An urn A contains 6 white balls and 7 black balls. And urn B contains 8 white balls and 6 black balls. A person draws a ball at random from one of the two urns. It turns out to be black. What is probability that the ball was drawn from urn A?

(A) 7/14
(B) 49/88
(C) 39/88
(D) None of the above

To find the probability that the black ball was drawn from urn A, we can use Bayes' theorem. Bayes' theorem states that the probability of an event A given that event B has occurred can be calculated using the formula:

P(A|B) = (P(B|A) * P(A)) / P(B)

Let's let A represent the event that the ball was drawn from urn A, and B represent the event that a black ball was drawn.

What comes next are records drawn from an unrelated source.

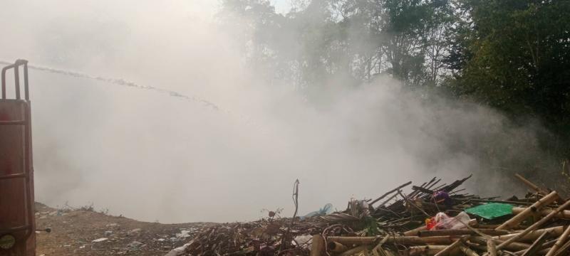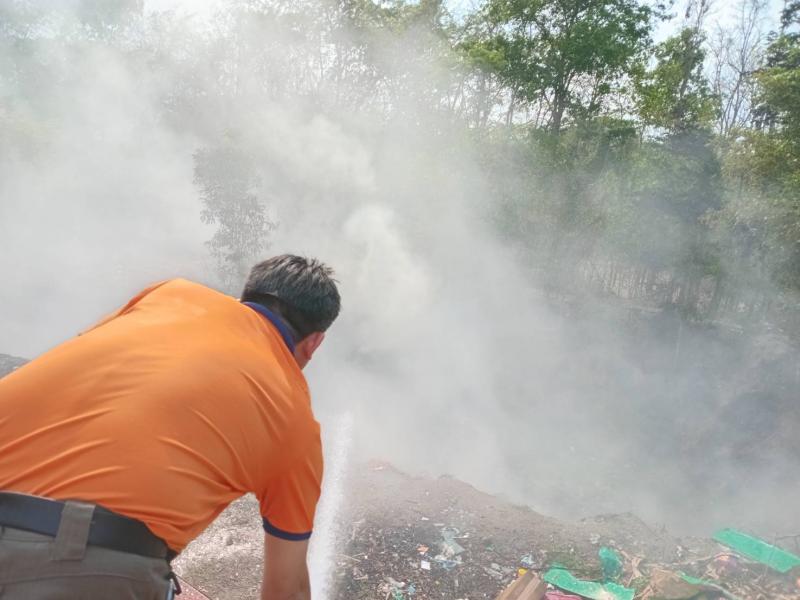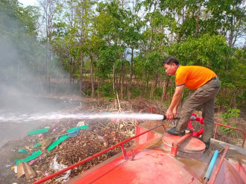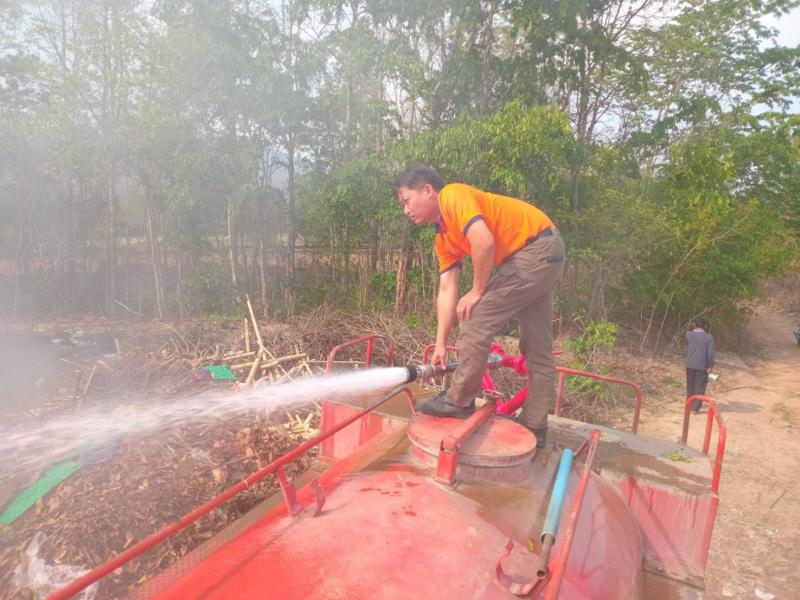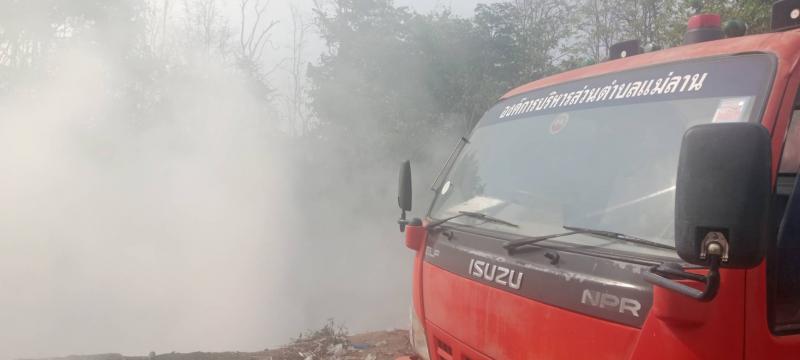 ลงพื้นที่นำรถบรรทุกน้ำดับไฟไหม้ บริเวณบ่อขยะบ้านเด่นเหม้า หมู่ที่ 5 ตำบลแม่ลาน อำเภอลี้ จังหวัดลำพูน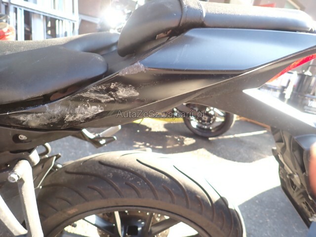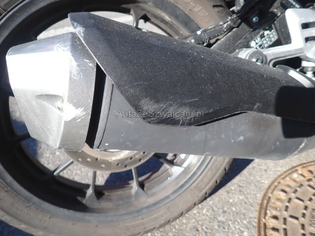 | Condition_and_Equipment | Links Linke Seite beschädigt. Verschalung oben links verkratzt. Verschalung unten links verkratzt. Rechts Rechte Seite beschädigt. Front Lenker verbogen. Heck Auspufftopf nur verkratzt. Schwinge hinten beschädigt. Verschalung hinten verkratzt. Rahmen Rahmen nur verkratzt. --- Serienaustattung Garantie 5 Jahre |
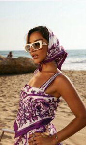 النجمة بلقيس فتحي كانت من أولى من أعاد إحياء هذه الموضة، حيث اختارت وشاحًا حريريًا نابضًا بالألوان من دار Dolce & Gabbana، ولفّته بإحكام حول رأسها مع عقدة أنيقة عند العنق. الإطلالة عكست مزيجًا بين البهجة والترف، ومنحتها هالة سينمائية لافتة.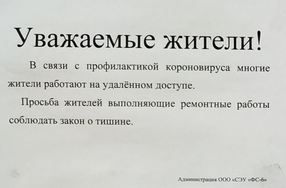 Philipp писал(а):Elena Ts писал(а):На всех подъездах висело объявление «О запрете ремонтных работ в период вынужденной самоизоляции». Плевать все хотели. Стучать, сверлят с самого утра. С ума можно сойти.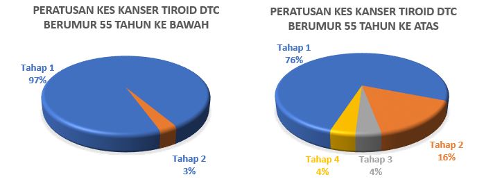 Namun disinilah letaknya keunikan dan keistimewaan kanser tiroid DTC. Bagi pesakit yang berumur 55 tahun dan ke bawah, kanser ini tidak dibahagikan kepada 4 tahap seperti kebanyakan kanser lain, sebaliknya hanya kepada 2 tahap iaitu tahap 1 dan 2.
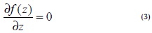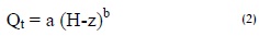 The methodology proposed by Leon et al., (2006) was used for determining the depth of zero flow (Hz). This method consists of minimising root mean square error (RMSE) between the flow estimated by the hydrological model and a flow rate estimated by Equation 2: for a given value of z, coefficients a and b were estimated by linear regression (Ln (Q), Ln (Hz)). By exploring a range of possibilities of z it was possible to construct RMSE (z) = f (z). All the possible range of values which might have had z was explored in 0.01 m increments. The value of z that best represented the altitude of zero effective flow could be expressed as shown in Equation 3.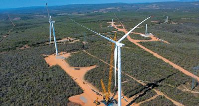 位于巴西巴伊亞州的風(fēng)電項(xiàng)目正在進(jìn)行機(jī)器吊裝。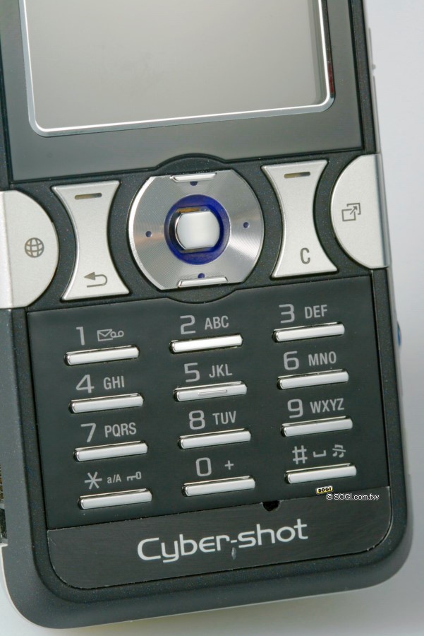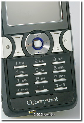 位於螢幕下方的按鍵區,其色澤相當的亮眼,讓人一眼即可注意到。此外,K550i 的數字按鍵採用與 W880i 一樣的設計,立體的金屬按鍵,成細長的條狀排列,塑造出手機外觀的獨特性。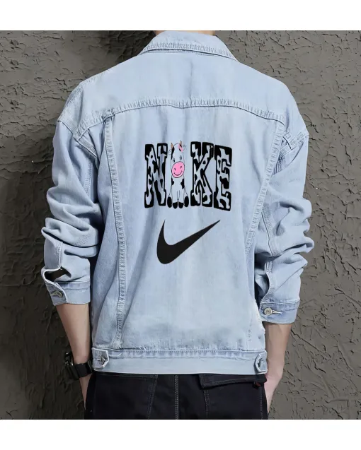 Cow Cartoon Nike Logo Casual Denim Jacket For Men And Women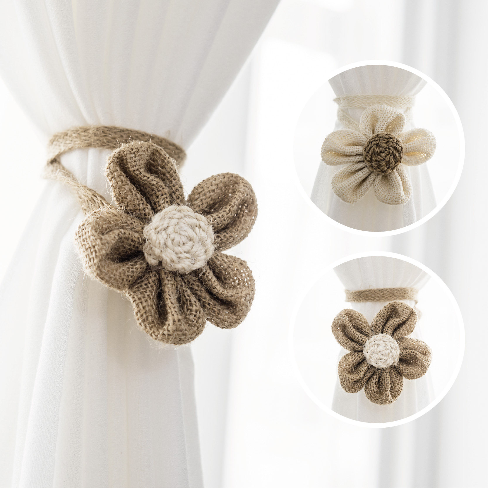 窗帘花朵绑绳一对装收纳绳窗帘配件编织田园风亚麻窗帘扣可爱装饰热门设计联盟服务商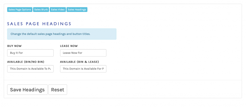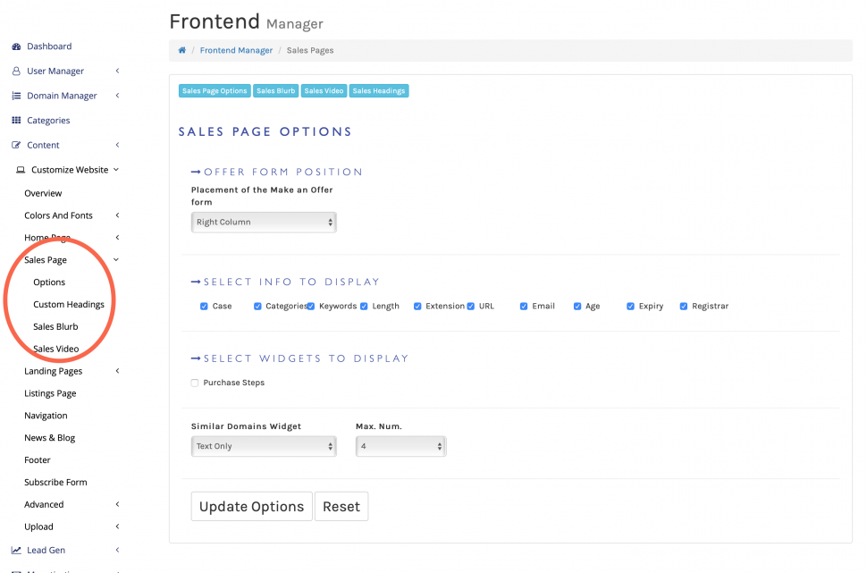 You can customize the sales pages under Customize Website, then Sales Page. There are 4 menu items under Sales Page: Options, Custom Headings, Sales Blurb, and Sales Video. Here is what you can accomplish under each item.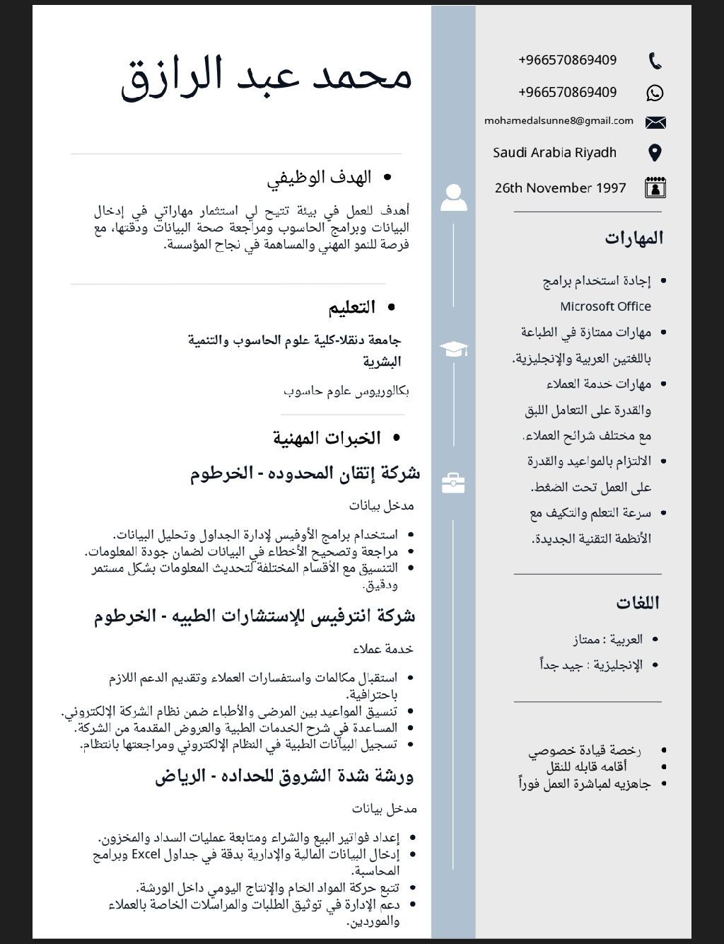 ابحث عن فرصة عمل في مجال مدخل بيانات أو كاشير، حيث امتلك خبرة جيدة في استخدام الحاسب الآلي وبرامج Microsoft Office، مع القدرة على ادخال البيانات بدقة وسرعة، وإدارة العمليات الحسابية والمبيعات بكفاءة. أتميز ب حسن التعامل مع العملاء، والعمل بروح الفريق، والالتزام بالمسؤولية والدقة في أداء المهام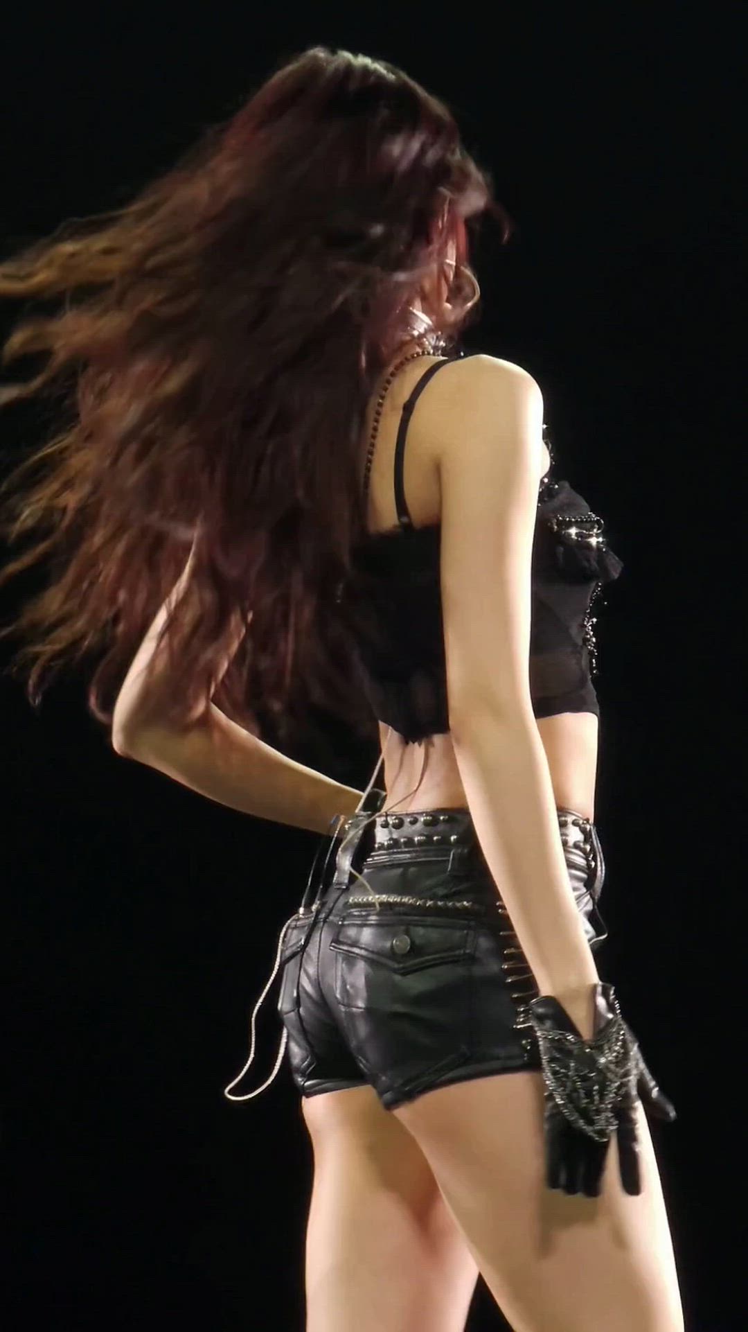 TWICE 쯔위는 강렬하고 락시크 무드의 무대 의상을 선보이고 있습니다. 전체적으로 블랙 컬러의 아이템들을 활용하여 시크하면서도 과감한 스타일을 연출합니다. 특히 스터드 장식과 가죽 소재가 돋보이는 의상과 액세서리들이 조화를 이루어 독특한 매력을 발산합니다.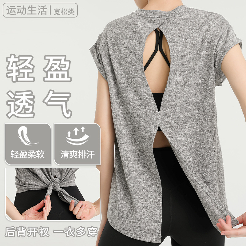 跨境健身短袖T恤速干运动罩衫夏季瑜伽服瑜伽上衣跑步健身服女

We need to find P(A|B), which is the probability that the ball was drawn from urn A given that a black ball was drawn.

P(B|A) is the probability of drawing a black ball given that the ball was drawn from urn A. In this case, there are 7 black balls out of a total of 13 balls in urn A, so P(B|A) = 7/13.

P(A) is the probability of drawing from urn A, which is 1/2 since there are 2 urns.

P(B) is the probability of drawing a black ball. To find this, we need to consider the total number of black balls in both urns. There are 7 black balls in urn A and 6 black balls in urn B, so there are 7+6 = 13 black balls in total. The total number of balls is 6+7+8+6 = 27. Therefore, P(B) = 13/27.

Plugging all these values into Bayes' theorem:

P(A|B) = (P(B|A) * P(A)) / P(B)
P(A|B) = (7/13 * 1/2) / (13/27)
P(A|B) = 7/26

So, the probability that the ball was drawn from urn A given that a black ball was drawn is 7/26.

None of the answer choices provided match this probability, so the answer is None of the above.